At the German Classic Car Show held at Haigh Hall country park Wigan. 16 cars turned up and all had a great day so much so those attending asked about next year. I have put our name down for the next one which is already booked for 12th August 2012. Although we didn't win the club stand (the Merc stand won) Shell won the sponsors award. I won one of the raffles the prize being £150 worth of either tinted glass or body wrap.  I am going to have my roof wrapped in carbon and my rear screen tinted progressively with it being darker at the top of the screen.
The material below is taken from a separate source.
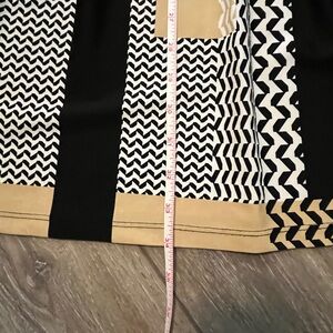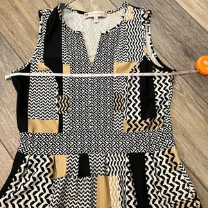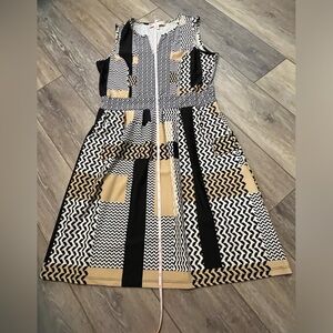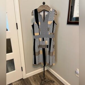 This is one of my favorite Jude Connally dresses! It is a patterned neutral colored print, fitted dress! V- neckline. Sleeveless. Has pockets!!! These is some fabric pulling under left armhole- see last pic. Otherwise, good condition! Wish this one still fit!

For pic's of the day etc check out the thread here. 
viewtopic.php?f=3&t=207208&start=90


----------



## Redscouse (Sep 30, 2008)

Sounds like a good event Les, well done on pulling all the strings on this one 

Paul


----------



## les (Jul 24, 2006)

Yep it most certainly was Paul and it looks likely to become a regular annual event. The weather could have been kinder as we didn't see the sun till about 2pm and we had a few down pours. That's the good old English summer for you. :roll: However even so there was a good turnout of visitors as well as exhibitors. Roll on next yer. 


Redscouse said:


> Sounds like a good event Les, well done on pulling all the strings on this one
> 
> Paul


----------



## John-H (Jul 13, 2005)

The mushrooms from the German food stall were excellent! Yes, it was a good day


----------